The Wrong Line in Heaven

Home is the place where, when you have to go there, they have to take you in.

Robert Frost

I keep hearing people say that they must have stood in the wrong line in Heaven–which explains their current predicament on Earth. I’m thinking I probably stood in the right line, but I’ve been questioning my judgement ever since. Maybe I could see “the end from the beginning” as the Bible keeps suggesting? So, I said, “Sure, I can handle eight kids. And I’m willing to put up with whatever it takes to help them grow into responsible, moral, pro-active adults.” I should have thought that through a little more carefully. There was some stuff in the fine print I may have missed.

For instance, eight birthdays a year. Every year. On a public-school teacher’s salary. Of course, that was a strong motivation to teach my children to handle their money carefully. When Son #1 was seven or eight, he desperately wanted a fancy, new bike. We made a deal with him. If he could earn half the cost of the bike, we’d fund the other half for his birthday. He was out of that chute like a thoroughbred racehorse. He mowed the lawn; he sold homemade popsicles; he washed the windows (I’m still a bit suspicious at how regularly they suddenly needed cleaning), he weeded the garden, and he even scoured the laundry for random change.

Eventually, he called in our part of the bargain. My memory is that we all trooped to Walmart, and he picked out the perfect two-wheeler in his (and our) price range. Oh, he loved that bike! It gave him a kind of freedom he had never had before. Now the 7-11 was within range. And the library. And probably all sorts of places I wouldn’t have approved of if I had known. During the last days of summer before school started, he’d race off with his buddies, intent on some adventure or other, throw his bike down in the yard when he came in for lunch, then head out again still wiping peanut butter off his chin.

But one late summer afternoon, when he rushed down the stairs and out the door, his new bike was gone. He searched our yard, the neighbors’ yards, even the school grounds down the street, but there was no sign of his beautiful new bike. He liked to think he was too big to cry, but tears rolled off his cheeks onto his t-shirt, and my heart almost broke. It didn’t seem like the appropriate time to mention that perhaps dropping his bike at the foot of the front stairs when he came in the house might not have been the most prudent option for bike safety. But he’d worked so hard; he’d done everything we had asked of him to earn that bike. And now it was gone.

“I’ll call the police and report it stolen,” I told him as we pulled into the driveway after driving up and down streets near our house without a sign of the bike. A couple of hours later, very solicitous policewoman actually came to the door and interviewed my son. He was so upset; he could hardly talk.

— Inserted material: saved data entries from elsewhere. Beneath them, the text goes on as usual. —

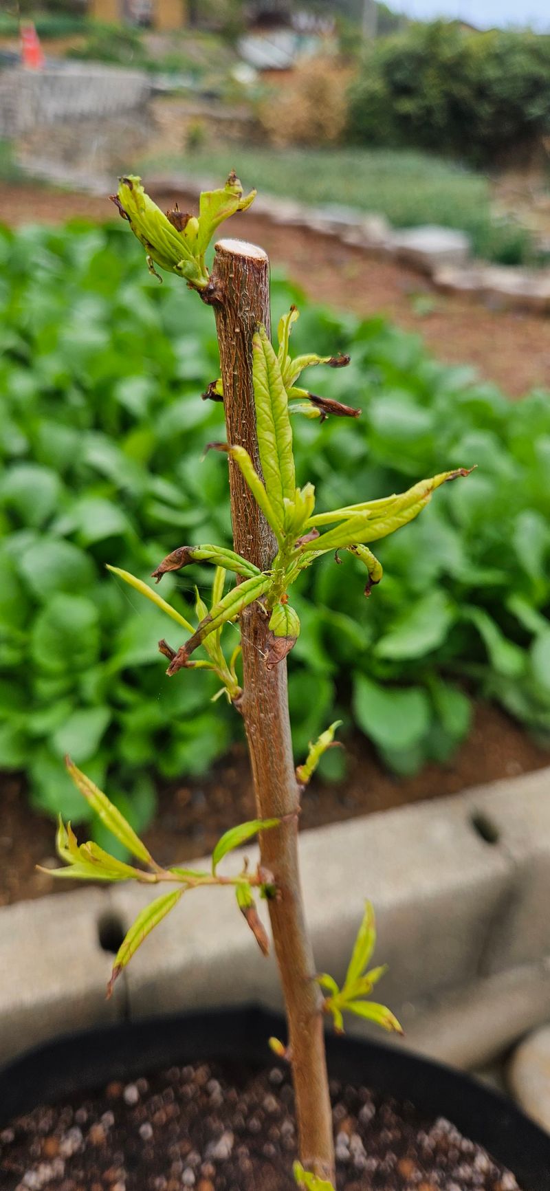 피자두 묘목을사다 싶었는데 새싹끝이 까맣게 변하는데 무엇이 문제인 궁금해서 여쭤 봅니다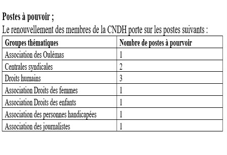 Candidatures aux postes de membres de la CNDH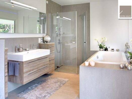 Die zeitlos moderne Stadtvilla Centro von Kern-Haus ist mit allem Wohnkomfort ausgestattet: helle, großzügige Räume bestimmen die Architektur. Auf ebener Erde befinden sich Küche, Wohn/Esszimmer und ...

“Did it have a license?” she asked.

“No,” he told her. “But I carved my initials MV into the thing that holds the handlebars on,” he added hopefully.

The policewoman caught my eye and shrugged sadly. “I’ll do everything I can to find it,” she promised him. “But bikes like that are very popular right now. You have to understand I may not be able to locate it.” I took a deep breath and willed my own tears away.

Every afternoon for the next 3 or 4 days, Son #1 sat on the front porch waiting for the policewoman to bring his bike home. Finally, I couldn’t bear to watch him any longer. I quietly slipped out of the house and sat down next to him.

“You know your bike is probably gone? It may never come back,” I said gently, wishing that I could lift him into my lap and cuddle him as I did when he was young.

Son #1’s looked up at me in amazement; his voice was matter of fact and showed no trace of the anxiety I had been feeling since the bike disappeared. “I’ve prayed and asked for my bike to come back,” he said. “I’m just waiting here until it does.” Then he patted my shoulder. “Don’t’ worry, Mom.”

The next day a familiar police car pulled up in front of the house, and the policewoman knocked on our door. “I don’t believe it,” she said, “but I think I found that bike. I spotted it last night when I was on patrol. It was laying in the front yard of a house about 4 or 5 blocks away.” She looked down at Son #1. “You are one lucky dude. Bike’s in the back of my unit. You want to come identify it?”

Sure enough, Son #1’s initials were scratched into the handlebars exactly as he had reported. He didn’t seem in the least surprised.  But I was.

That line in Heaven? Now I see it was the one where your kids do the teaching.